U.S. Capitol Visitor Center

Welcome to the U.S. Capitol

Exhibition Hall General Description

Visitors study a scale model of the Capitol campus in the Capitol Visitor Center's 16,500-square-foot Exhibition Hall.

Dedicated to the citizens of the United States, the U.S. Capitol Visitor Center offers visitors an enhanced educational experience as they tour the historic U.S. Capitol building and explore the legislative branch of government.

Located on the lower level of the Capitol Visitor Center, the 16,500 square foot Exhibition Hall is the only exhibition in the world dedicated to telling the story of the United States Congress and the U.S. Capitol.
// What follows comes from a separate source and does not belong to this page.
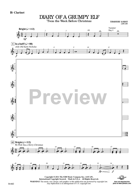 "Diary of a Grumpy Elf - Bb Clarinet" Sheet Music by Timothy Loest

The Exhibition Hall features original documents and artifacts, videos, computer interactives and two theaters, providing visitors with an in-depth look at how Congress works as well as information on their own Representatives and Senators.

Just inside the Exhibition Hall entrance stands an 11-foot-tall touchable model of the Capitol Dome whose interior contains a scale model of the Rotunda in all its architectural and artistic glory.  The dome model provides visitors with an intimate look at this iconic symbol of representative democracy.  The polyurethane model is tough, durable, easily cleaned, and it never needs to be painted since color is impregnated into the mold.  The front of the model shows the exterior of the dome from its base to the Statue of Freedom.  The back side of the model depicts a cutaway showing the construction of the inner and outer cast iron dome and the interior of the Rotunda, from the fresco depicting George Washington to the sandstone blocks of the Rotunda floor.  The lighting on the dome simulates a day/night cycle, showing how the light in the tholos (the ring of columns below the Statue of Freedom) comes on when Congress is in session.  Visitors can peek through the windows on the front of the model and see inside to the artistic treasures in the Rotunda, including paintings and bas-reliefs that were carefully color-matched to the actual paintings on the east side of the Rotunda.  Even the fresco masterpiece in the Rotunda ceiling, the "Apotheosis of Washington" by Constantino Brumidi, was carefully replicated using a combination of photographs and hand painting.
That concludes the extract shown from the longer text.